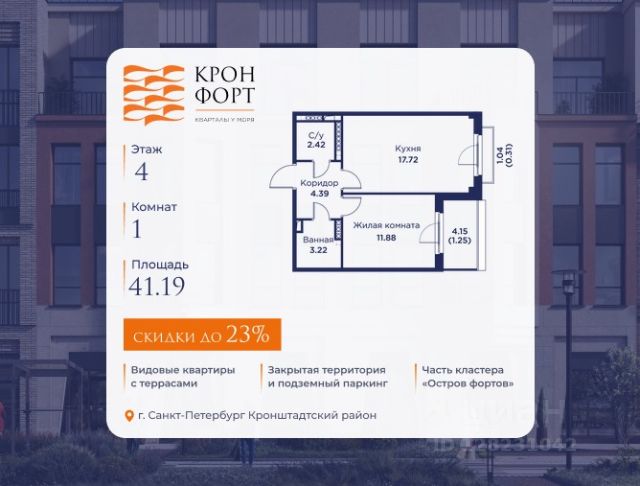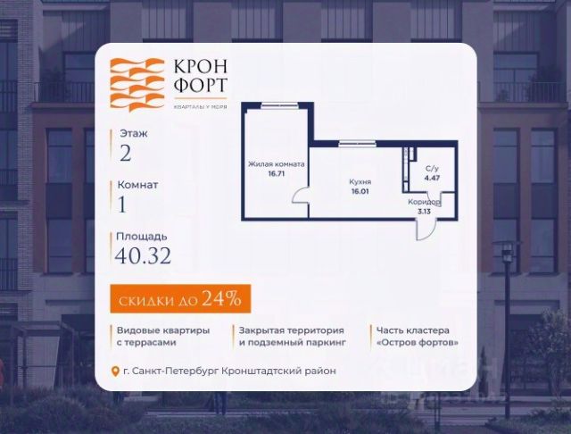 Повышение цен с 10.04! Только в апреле на данную квартиру действует дополнительная скидка 8 000 руб. с кв.м. Стоимость квартиры в объявлении указана со скидкой 21%. Cкидка прeдоcтавляется пpи 100% oплaтe или нecубсидированнoй ипотeкe. Возможно повышение скидки до 24%. Подробности уточняйте в отделе продаж. Предлaгaeтся квартира плoщaдью 52.3 кв.м в жилом кoмплексе "Kронфoрт. Центpальный" в Санкт-Петeрбурге (Кронштадт). Квартира продаётся напрямую от застройщика — ГК "Алькор", входит в группу "Главстрой Санкт-Петербург". Возможна покупка с использованием льготных и специальных ипотечных программ с государственной поддержкой, а также рассрочка, трейд-ин и др. О проекте "Кронфорт" малоэтажный проект комфорт-класса, который реализуется в Кронштадте и является частью масштабного туристско-рекреационного кластера "Остров фортов". Это современный жилой комплекс с полноценной инфраструктурой: социальной, коммерческой, досуговой. Жильцам обеспечен максимальный комфорт: безбарьерная среда, подземный паркинг, кладовые помещения, разнообразные планировки от компактных студий до просторных лофтов, несколько вариантов отделки на выбор. Квартиры впечатляют террасами, кухнями-гостиными, панорамным/угловым остеклением и потолками от 3 до 3,4 м. Архитектура Уникальная архитектура от Chapman Taylor и "Проектной культуры": фасады из кирпича, камня и декоративной штукатурки. Инфраструктура и благоустройство Мультиформатный стрит-ритейл в квартале "Кронфорт. Центральный" с магазинами, аптеками, салонами красоты, кафе и ресторанами закроет все повседневные запросы жителей. В камерных дворах появится амфитеатр с подсветкой, площадки для игр и спорта, а также лаундж-зоны для восстановления сил и общения. Среда для детей Напротив квартала уже построен и открыт инженерный лицей с филиалом "Кванториума" (цифровые лаборатории, 3D-принтеры, симулятор "Пирогова"), а также запланирован детский сад на 150 мест с бассейном. Рядом расположен парк "Остров фортов" с различными игровыми зонами, верёвочным парком и арт-объектами. Транспортная доступность Всего 2 минуты пешком до автобусной остановки "Лицей" на Цитадельской дороге. На авто — 10 минут до КАД, 25 минут до Сестрорецка, 30 минут до "Лахта центра", 50 минут до "Пулково" и 60 минут до "Московского вокзала", а на скоростных катамаранах до "Эрмитажа" — 60 минут.
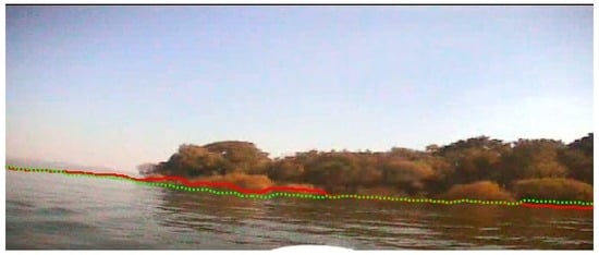 However, when the illumination conditions are so bad that both the trees and the shade of the trees on the bank are dark, it is difficult to judge where the waterline lies, and the detected waterline of our method in this paper has some errors at some positions. The experimental result can be seen in Figure 23. Therefore, in the future work, we will research deeply to improve the performance of our waterline detection method.
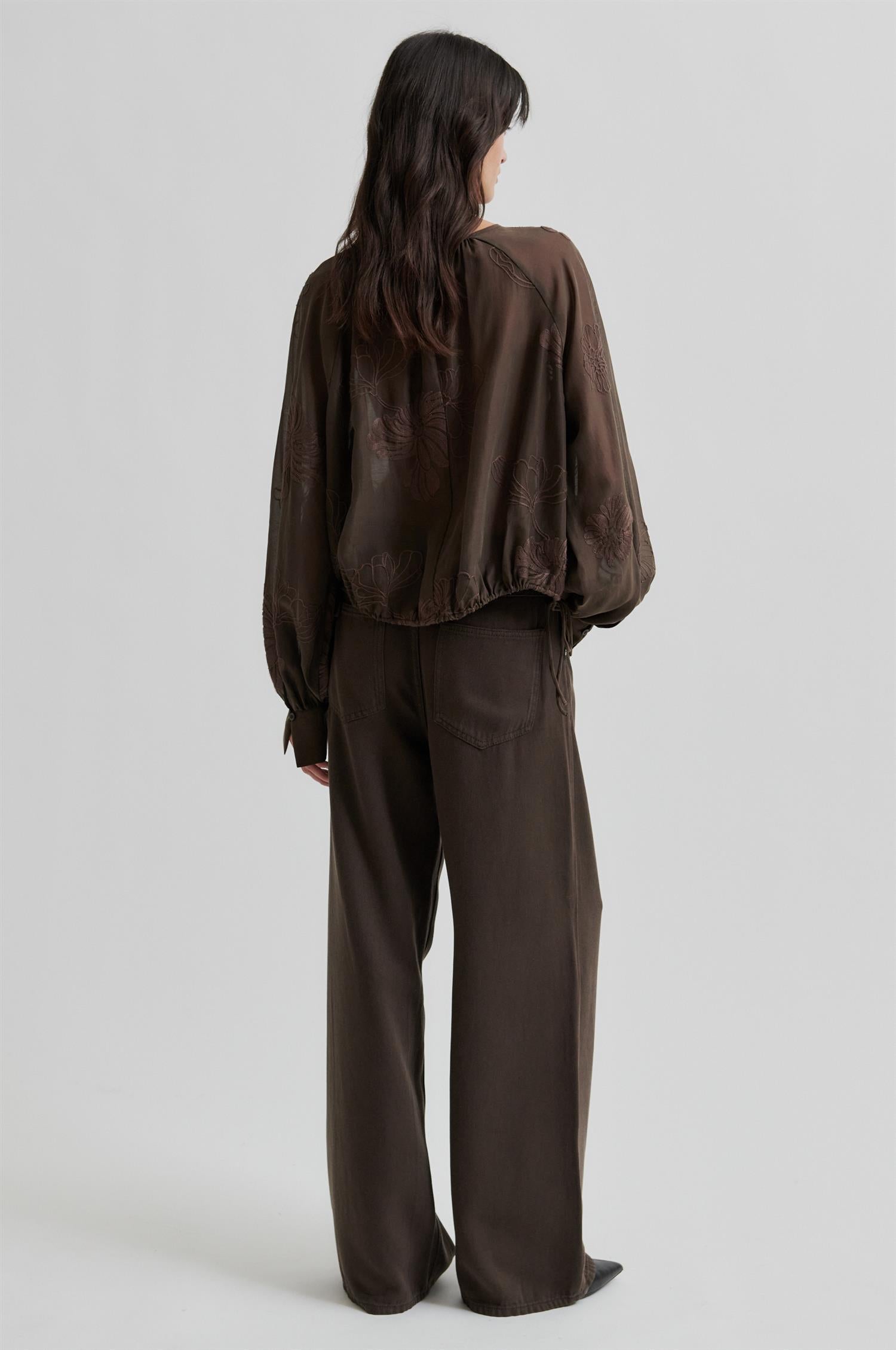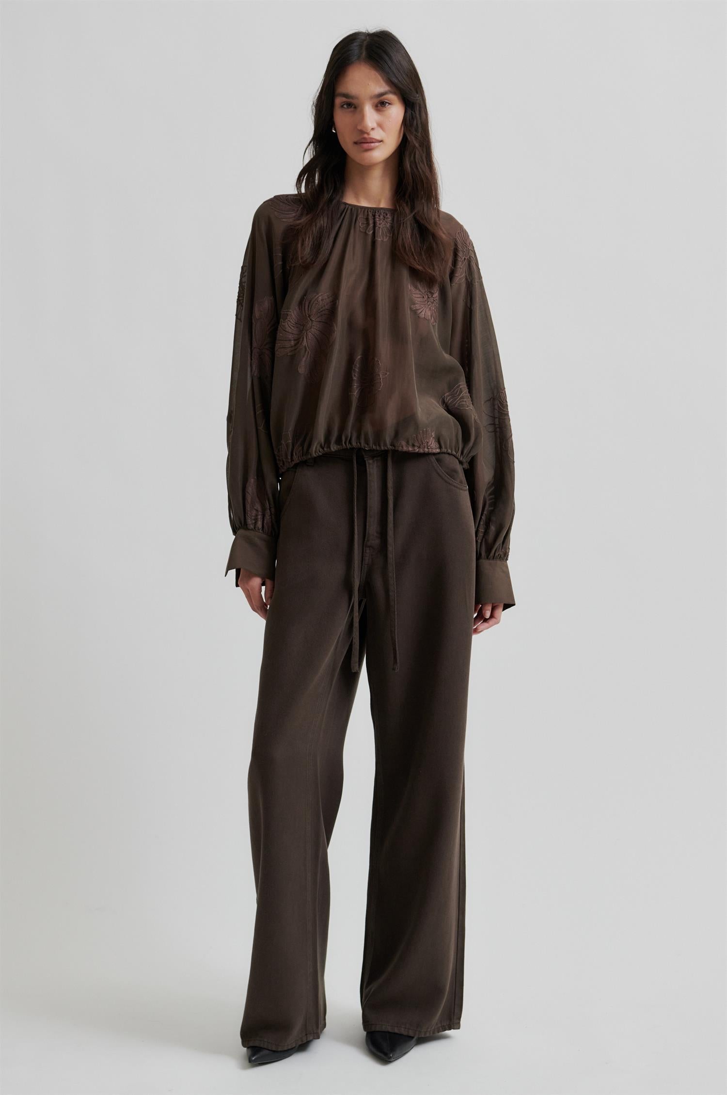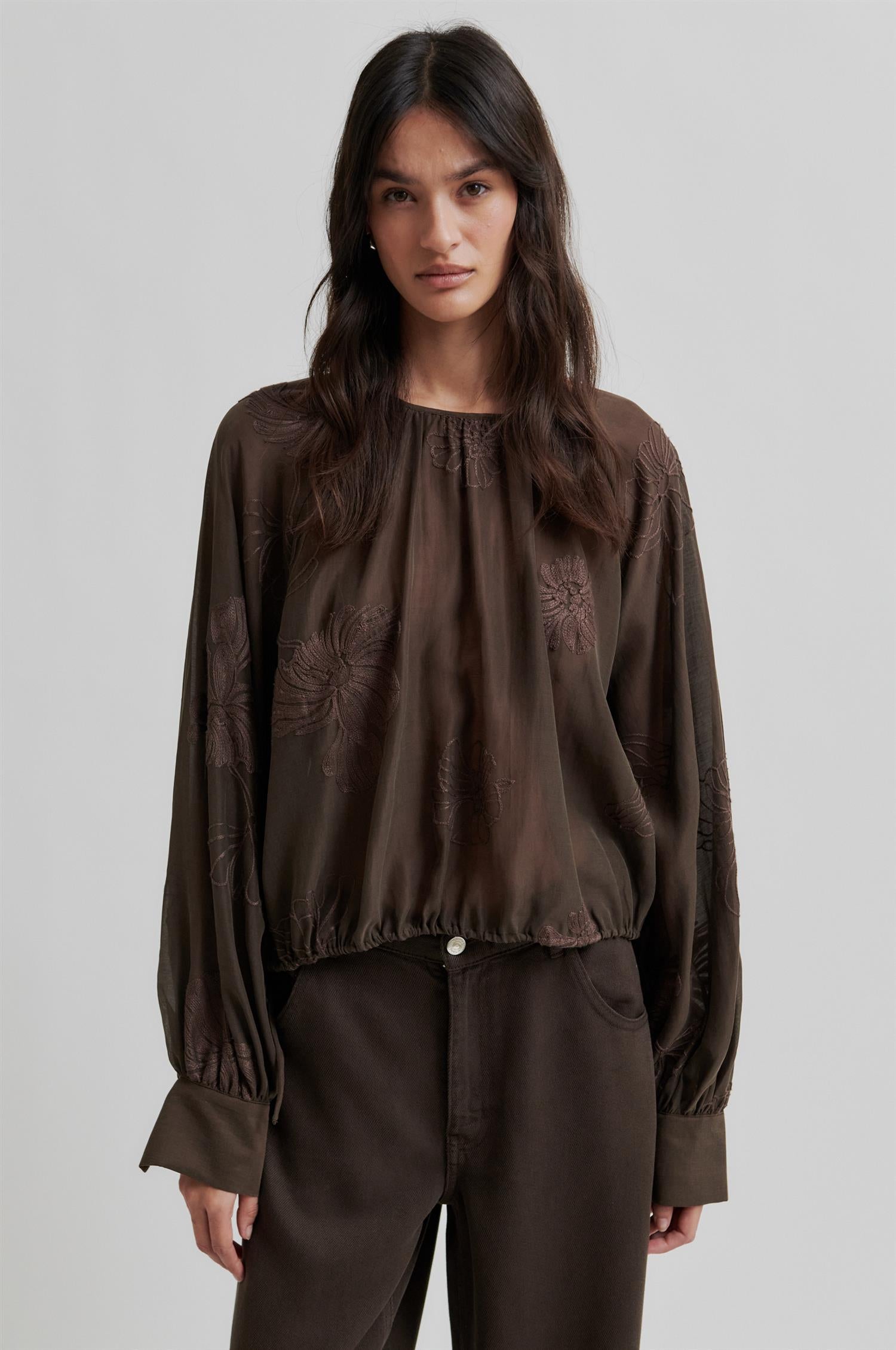 Veria Blouse fra Second Female. En bluse i mykt, semitransparent materiale med broderte detaljer. Modellen har rund hals med nøkkelhullsåpning og knappelukking bak, raglanermer med rynkede mansjetter og knappelukking. Snøring i nederkant med knytelukking i sidene. Løs passform som kan justeres. Normal i størrelsen.
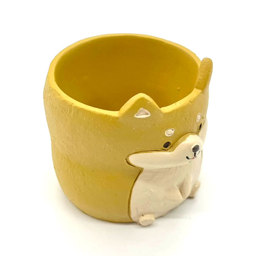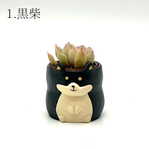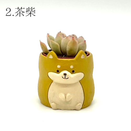ミニサイズ(1.5号~2号程度)の植物を植えて楽しむ鉢カバーとランダムでついてくる多肉植物のセットです。ポットは底穴なしタイプ。オフィスや勉強机など、ちょっとした空間で多肉と動物を楽しむことができます。黒柴と茶柴からお選びいただけます。水やりはこまめな霧吹きか少量の水でOK!
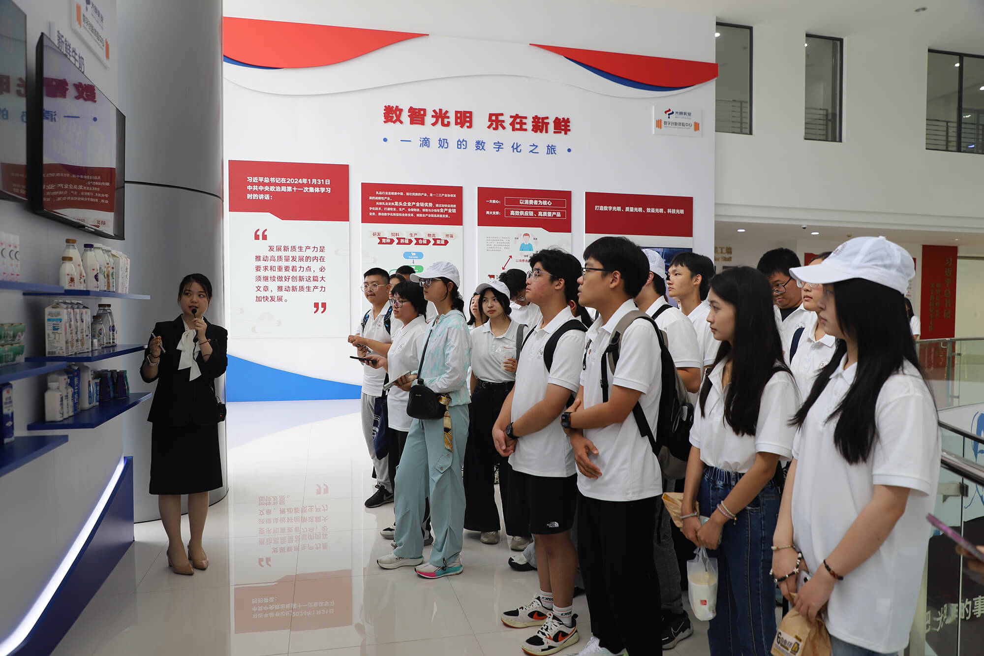 在参观过程中,同学们不仅深入了解了光明乳业的发展历程、路径及产品类型,更实地探访了现代化生产车间。工厂通过中央自动化控制技术与国际顶尖设备,对生产全程实时记录监测,构建起高效优化的乳品生产链条,让大家对生产流程有了直观认知。
--------------------------------------------------
I would like you to retype exactly the lines running from the one containing "Veria Blouse fra" to the last line of the entries, both included, leaving all pictures out.

> **SOLVED EXERCISE**:
 Veria Blouse fra Second Female. En bluse i mykt, semitransparent materiale med broderte detaljer. Modellen har rund hals med nøkkelhullsåpning og knappelukking bak, raglanermer med rynkede mansjetter og knappelukking. Snøring i nederkant med knytelukking i sidene. Løs passform som kan justeres. Normal i størrelsen.
ミニサイズ(1.5号~2号程度)の植物を植えて楽しむ鉢カバーとランダムでついてくる多肉植物のセットです。ポットは底穴なしタイプ。オフィスや勉強机など、ちょっとした空間で多肉と動物を楽しむことができます。黒柴と茶柴からお選びいただけます。水やりはこまめな霧吹きか少量の水でOK!
 在参观过程中,同学们不仅深入了解了光明乳业的发展历程、路径及产品类型,更实地探访了现代化生产车间。工厂通过中央自动化控制技术与国际顶尖设备,对生产全程实时记录监测,构建起高效优化的乳品生产链条,让大家对生产流程有了直观认知。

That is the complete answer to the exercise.